ACTION ITEM ▸
What is wanted is every line below from the one with "Schönes Retro-Design. Schwarze, verbundene" up to and including the one with "Set 2 en 1: Macetero", retyped exactly, pictures excluded, nothing else.

RECORDS SUPPLIED ▸

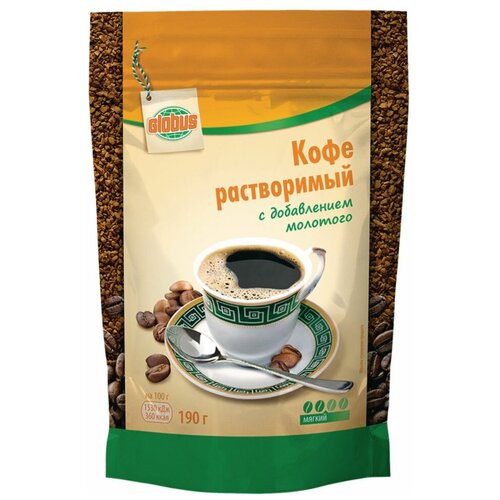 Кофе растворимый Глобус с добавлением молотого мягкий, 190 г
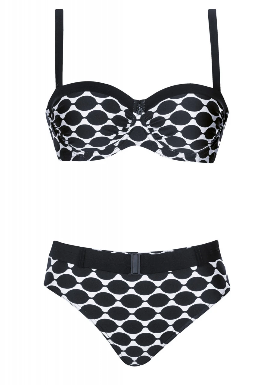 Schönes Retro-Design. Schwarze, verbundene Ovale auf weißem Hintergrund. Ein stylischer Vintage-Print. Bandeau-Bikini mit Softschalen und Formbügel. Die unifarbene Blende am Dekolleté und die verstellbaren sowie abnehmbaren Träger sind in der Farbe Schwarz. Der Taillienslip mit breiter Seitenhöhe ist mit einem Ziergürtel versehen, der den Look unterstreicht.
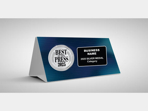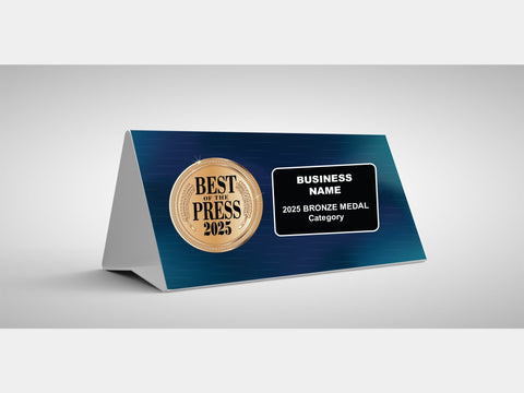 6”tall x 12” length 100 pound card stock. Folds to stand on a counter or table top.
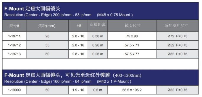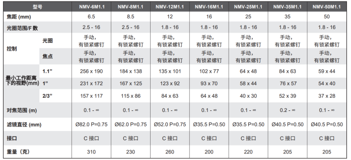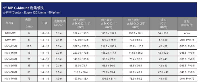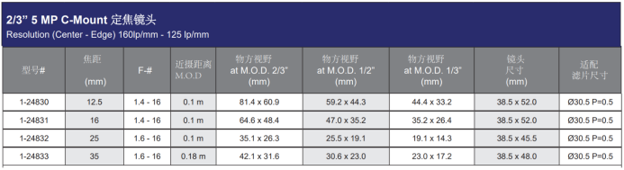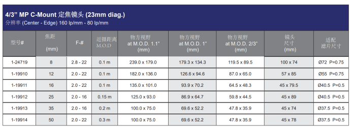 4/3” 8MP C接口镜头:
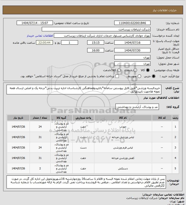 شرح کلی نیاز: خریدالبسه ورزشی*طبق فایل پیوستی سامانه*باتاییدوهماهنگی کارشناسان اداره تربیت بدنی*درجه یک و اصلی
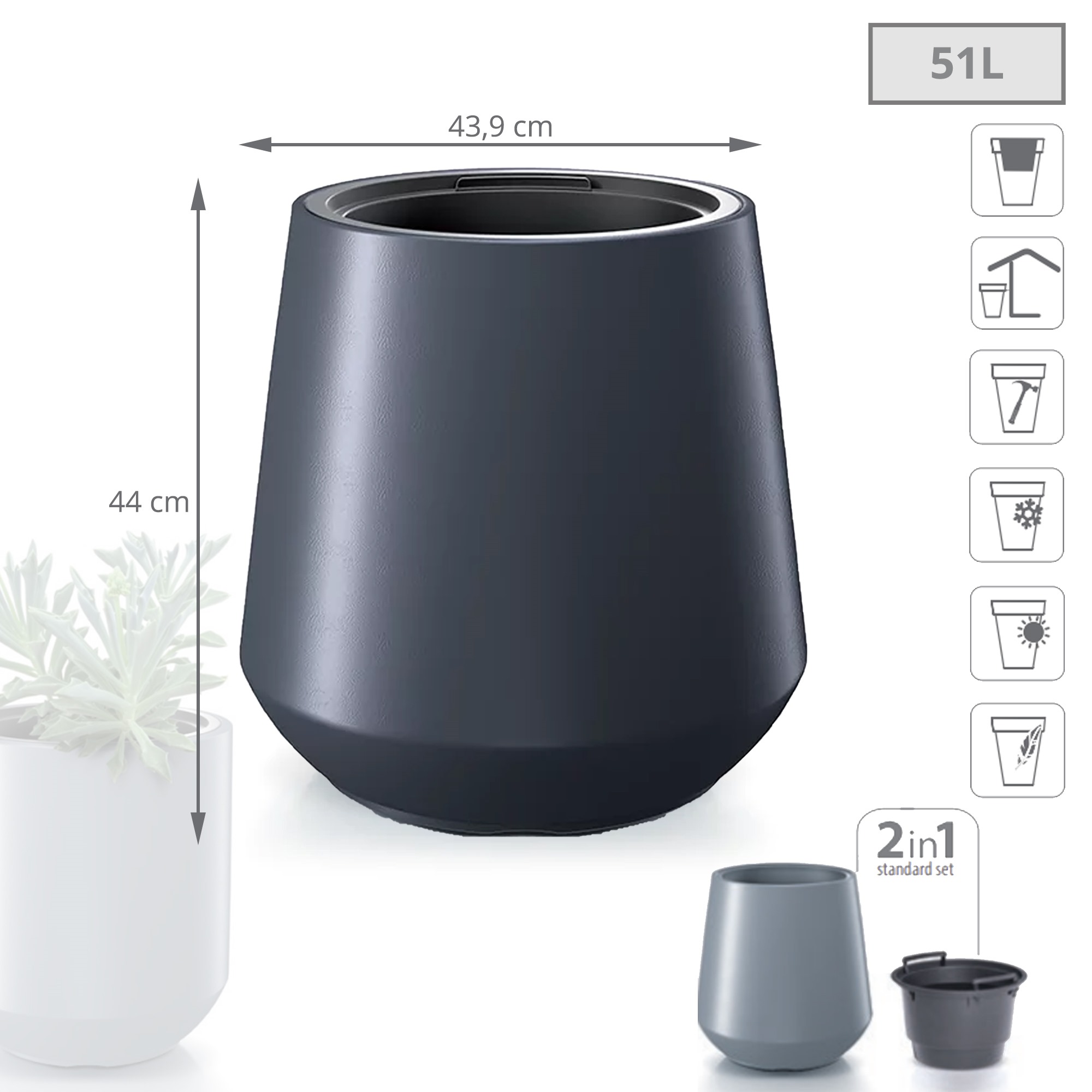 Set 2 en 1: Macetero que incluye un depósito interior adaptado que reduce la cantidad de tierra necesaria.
* * *
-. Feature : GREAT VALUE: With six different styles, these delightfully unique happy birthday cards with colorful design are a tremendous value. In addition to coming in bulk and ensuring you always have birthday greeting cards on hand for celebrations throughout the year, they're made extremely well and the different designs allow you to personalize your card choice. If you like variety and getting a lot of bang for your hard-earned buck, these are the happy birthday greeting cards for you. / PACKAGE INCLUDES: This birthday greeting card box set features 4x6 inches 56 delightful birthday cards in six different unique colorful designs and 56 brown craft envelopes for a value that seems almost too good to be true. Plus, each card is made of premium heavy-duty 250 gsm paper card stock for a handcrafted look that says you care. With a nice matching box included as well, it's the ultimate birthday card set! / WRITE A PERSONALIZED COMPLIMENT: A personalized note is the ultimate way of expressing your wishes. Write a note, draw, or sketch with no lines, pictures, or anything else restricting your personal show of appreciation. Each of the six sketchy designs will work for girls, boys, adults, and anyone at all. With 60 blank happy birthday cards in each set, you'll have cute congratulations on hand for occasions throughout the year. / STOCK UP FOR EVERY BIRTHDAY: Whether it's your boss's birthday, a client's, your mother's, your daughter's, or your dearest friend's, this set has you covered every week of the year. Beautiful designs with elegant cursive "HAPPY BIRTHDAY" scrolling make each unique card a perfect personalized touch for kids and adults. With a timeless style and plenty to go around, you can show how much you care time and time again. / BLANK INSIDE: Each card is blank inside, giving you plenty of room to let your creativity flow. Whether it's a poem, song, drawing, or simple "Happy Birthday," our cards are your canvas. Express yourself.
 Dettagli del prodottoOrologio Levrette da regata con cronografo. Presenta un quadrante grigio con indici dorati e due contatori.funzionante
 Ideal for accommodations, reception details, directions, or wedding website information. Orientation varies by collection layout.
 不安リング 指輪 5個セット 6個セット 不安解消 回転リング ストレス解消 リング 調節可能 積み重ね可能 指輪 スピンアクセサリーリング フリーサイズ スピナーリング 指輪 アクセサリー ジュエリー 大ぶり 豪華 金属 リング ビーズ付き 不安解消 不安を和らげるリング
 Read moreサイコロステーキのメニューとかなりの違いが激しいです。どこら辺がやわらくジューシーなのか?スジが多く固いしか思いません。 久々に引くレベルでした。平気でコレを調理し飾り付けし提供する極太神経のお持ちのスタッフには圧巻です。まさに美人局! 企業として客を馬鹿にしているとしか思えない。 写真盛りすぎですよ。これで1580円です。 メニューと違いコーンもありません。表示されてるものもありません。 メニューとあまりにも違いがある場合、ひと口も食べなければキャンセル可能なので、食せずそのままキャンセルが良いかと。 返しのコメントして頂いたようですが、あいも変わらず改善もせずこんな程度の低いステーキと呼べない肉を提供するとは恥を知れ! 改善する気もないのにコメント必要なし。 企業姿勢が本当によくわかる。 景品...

TASK SOLUTION ▸
 Schönes Retro-Design. Schwarze, verbundene Ovale auf weißem Hintergrund. Ein stylischer Vintage-Print. Bandeau-Bikini mit Softschalen und Formbügel. Die unifarbene Blende am Dekolleté und die verstellbaren sowie abnehmbaren Träger sind in der Farbe Schwarz. Der Taillienslip mit breiter Seitenhöhe ist mit einem Ziergürtel versehen, der den Look unterstreicht.
 6”tall x 12” length 100 pound card stock. Folds to stand on a counter or table top.
 4/3” 8MP C接口镜头:
 شرح کلی نیاز: خریدالبسه ورزشی*طبق فایل پیوستی سامانه*باتاییدوهماهنگی کارشناسان اداره تربیت بدنی*درجه یک و اصلی
 Set 2 en 1: Macetero que incluye un depósito interior adaptado que reduce la cantidad de tierra necesaria.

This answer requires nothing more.